=== DESCRIPTION OF THE TASK ===
The lines below from the one with "錦鯉の発祥の地・新潟県小千谷" up to and including the one with "A teacher instructs" are what you should set down, exactly and without pictures.

Start of EXERCISE INPUT

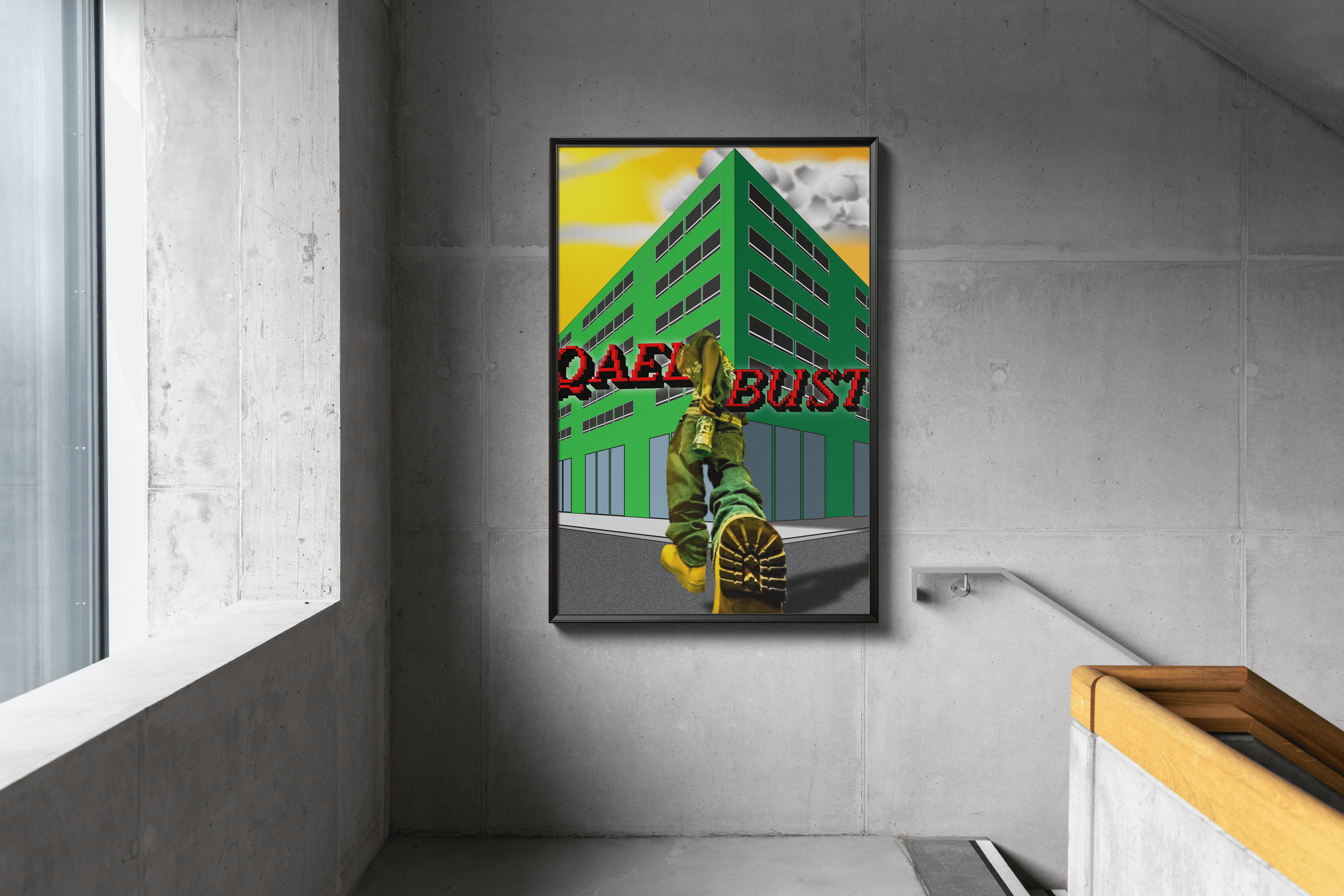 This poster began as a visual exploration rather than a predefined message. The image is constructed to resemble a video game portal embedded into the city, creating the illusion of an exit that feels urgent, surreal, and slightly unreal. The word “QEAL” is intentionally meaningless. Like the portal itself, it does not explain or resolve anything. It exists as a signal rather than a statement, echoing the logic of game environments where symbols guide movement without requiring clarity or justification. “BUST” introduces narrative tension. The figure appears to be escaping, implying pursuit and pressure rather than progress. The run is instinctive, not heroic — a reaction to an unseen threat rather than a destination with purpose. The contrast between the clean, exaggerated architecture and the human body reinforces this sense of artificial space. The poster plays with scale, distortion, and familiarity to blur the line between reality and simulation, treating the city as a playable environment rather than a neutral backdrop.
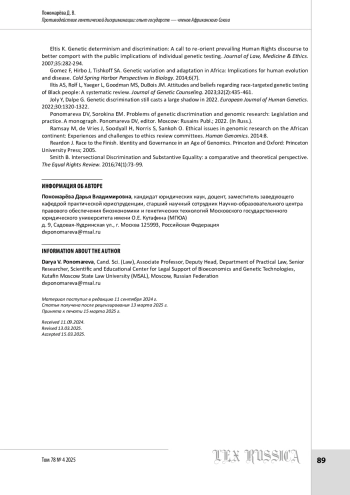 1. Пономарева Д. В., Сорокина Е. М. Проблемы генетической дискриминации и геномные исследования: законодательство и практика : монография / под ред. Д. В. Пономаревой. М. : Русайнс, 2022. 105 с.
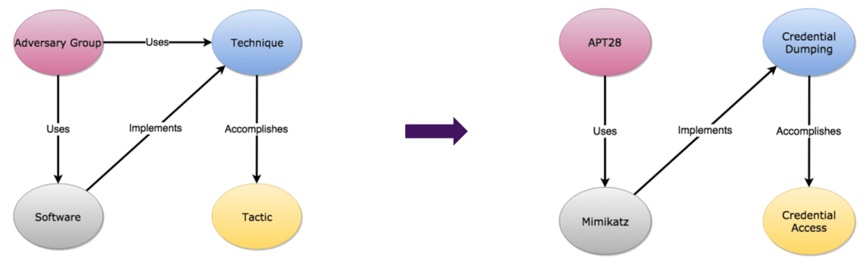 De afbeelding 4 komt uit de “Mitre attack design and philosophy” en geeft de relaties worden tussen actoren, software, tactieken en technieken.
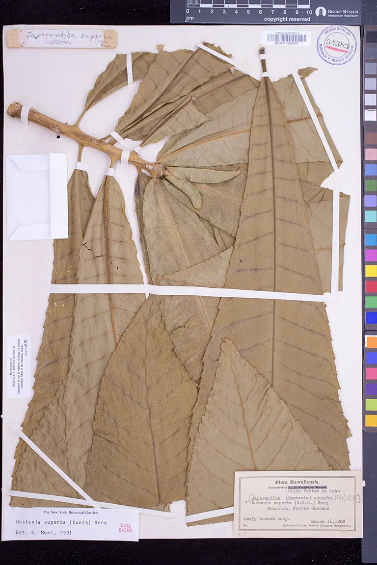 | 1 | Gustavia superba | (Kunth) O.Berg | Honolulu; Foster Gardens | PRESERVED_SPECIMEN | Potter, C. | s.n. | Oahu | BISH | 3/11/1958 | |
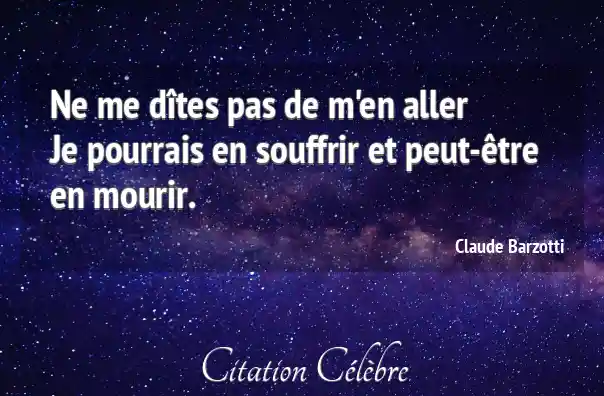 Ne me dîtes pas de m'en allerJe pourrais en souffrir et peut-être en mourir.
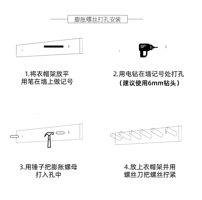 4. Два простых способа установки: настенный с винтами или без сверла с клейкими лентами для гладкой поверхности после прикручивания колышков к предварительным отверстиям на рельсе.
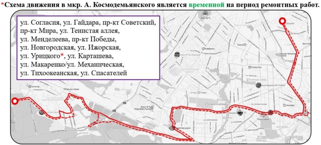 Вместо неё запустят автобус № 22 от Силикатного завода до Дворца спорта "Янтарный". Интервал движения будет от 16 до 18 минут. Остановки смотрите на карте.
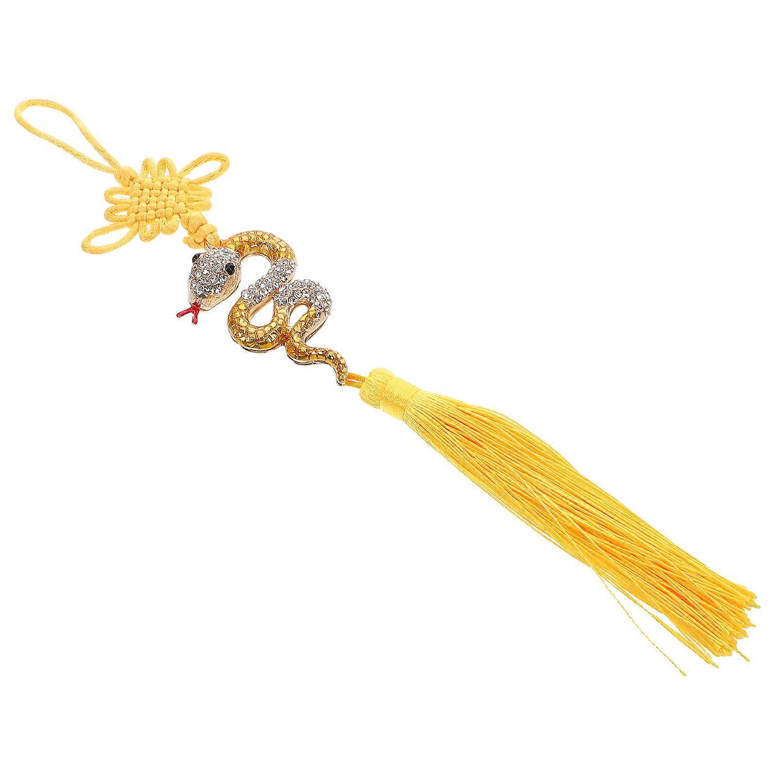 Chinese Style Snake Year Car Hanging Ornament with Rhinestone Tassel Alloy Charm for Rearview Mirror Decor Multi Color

End of EXERCISE INPUT
Start of EXERCISE INPUT

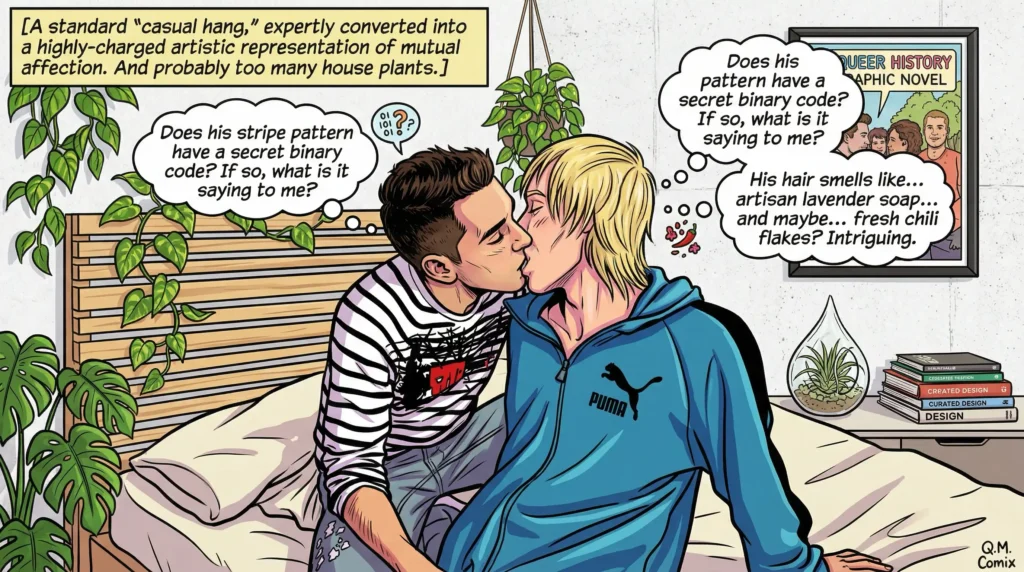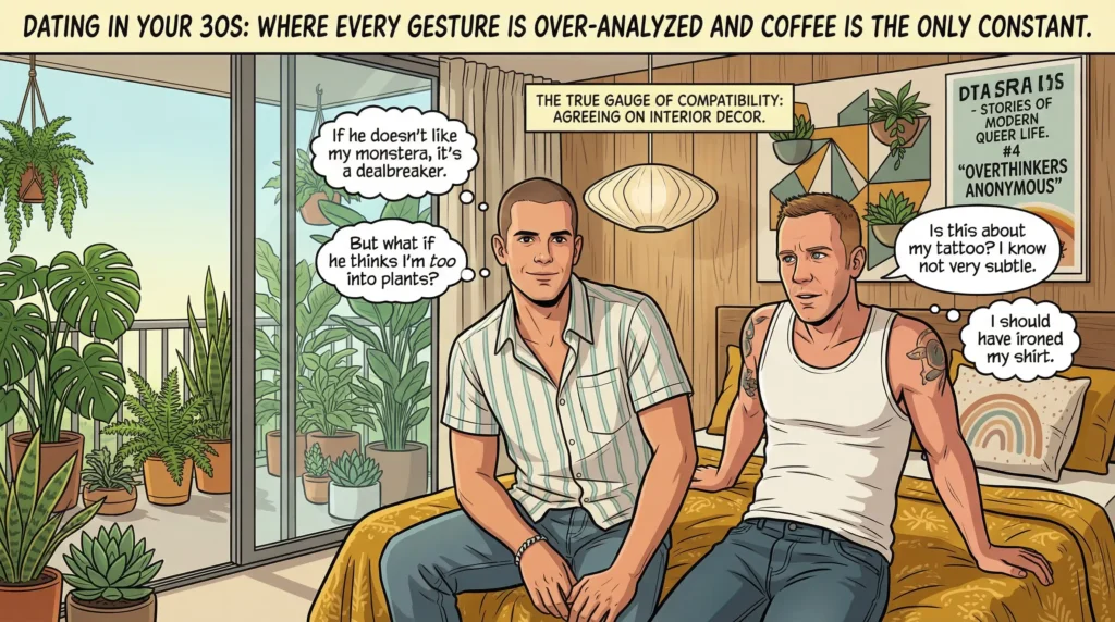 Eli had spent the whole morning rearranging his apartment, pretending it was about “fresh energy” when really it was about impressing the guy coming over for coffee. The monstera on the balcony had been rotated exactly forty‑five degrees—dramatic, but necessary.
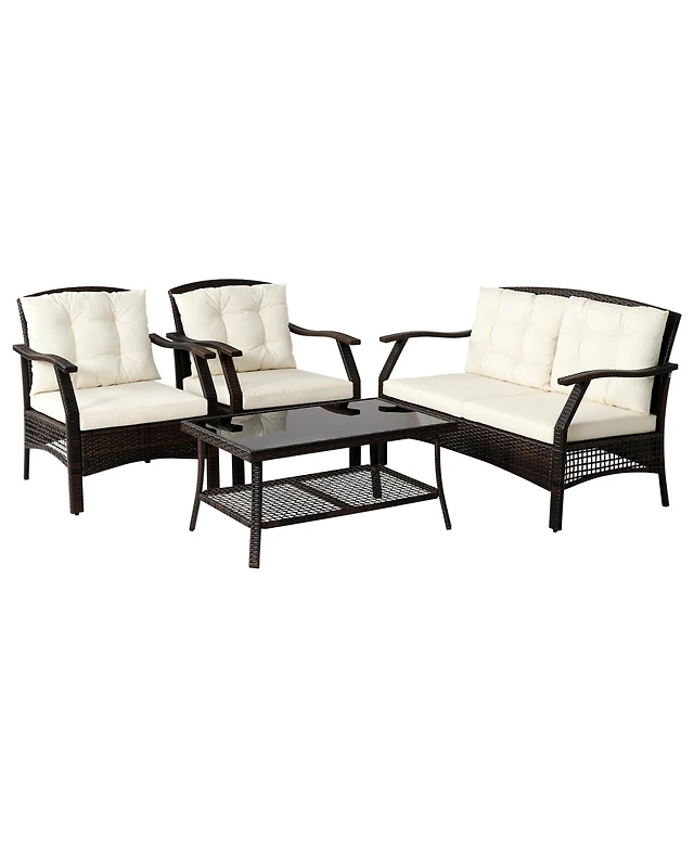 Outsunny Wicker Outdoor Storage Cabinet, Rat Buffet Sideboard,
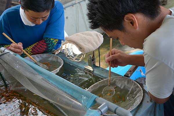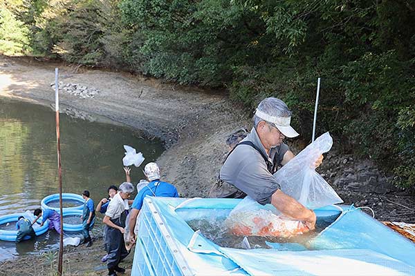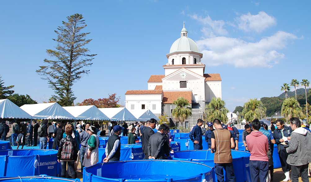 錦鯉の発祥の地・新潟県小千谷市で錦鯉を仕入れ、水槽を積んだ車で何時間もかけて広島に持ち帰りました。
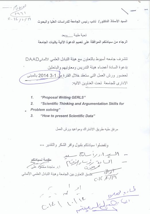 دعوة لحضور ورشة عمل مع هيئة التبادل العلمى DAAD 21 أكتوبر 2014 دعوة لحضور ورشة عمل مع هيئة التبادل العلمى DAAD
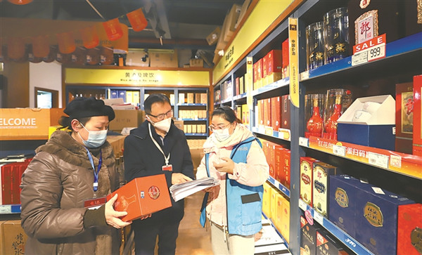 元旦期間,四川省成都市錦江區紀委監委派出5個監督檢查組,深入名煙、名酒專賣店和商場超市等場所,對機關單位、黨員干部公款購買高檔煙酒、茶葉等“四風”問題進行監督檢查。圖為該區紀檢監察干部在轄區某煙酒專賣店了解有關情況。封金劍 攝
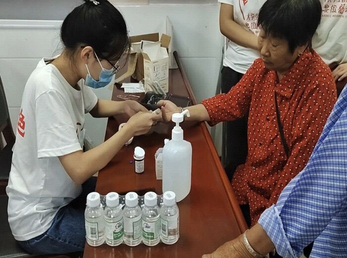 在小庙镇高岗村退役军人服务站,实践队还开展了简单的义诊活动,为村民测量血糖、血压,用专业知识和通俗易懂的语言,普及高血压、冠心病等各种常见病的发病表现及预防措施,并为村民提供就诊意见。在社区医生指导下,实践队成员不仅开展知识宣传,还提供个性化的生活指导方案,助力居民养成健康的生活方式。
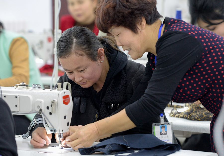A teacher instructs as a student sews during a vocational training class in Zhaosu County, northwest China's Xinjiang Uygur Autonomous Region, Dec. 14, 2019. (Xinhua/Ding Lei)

End of EXERCISE INPUT

=== EXERCISE RESPONSE ===
 錦鯉の発祥の地・新潟県小千谷市で錦鯉を仕入れ、水槽を積んだ車で何時間もかけて広島に持ち帰りました。
 دعوة لحضور ورشة عمل مع هيئة التبادل العلمى DAAD 21 أكتوبر 2014 دعوة لحضور ورشة عمل مع هيئة التبادل العلمى DAAD
 元旦期間,四川省成都市錦江區紀委監委派出5個監督檢查組,深入名煙、名酒專賣店和商場超市等場所,對機關單位、黨員干部公款購買高檔煙酒、茶葉等“四風”問題進行監督檢查。圖為該區紀檢監察干部在轄區某煙酒專賣店了解有關情況。封金劍 攝
 在小庙镇高岗村退役军人服务站,实践队还开展了简单的义诊活动,为村民测量血糖、血压,用专业知识和通俗易懂的语言,普及高血压、冠心病等各种常见病的发病表现及预防措施,并为村民提供就诊意见。在社区医生指导下,实践队成员不仅开展知识宣传,还提供个性化的生活指导方案,助力居民养成健康的生活方式。
A teacher instructs as a student sews during a vocational training class in Zhaosu County, northwest China's Xinjiang Uygur Autonomous Region, Dec. 14, 2019. (Xinhua/Ding Lei)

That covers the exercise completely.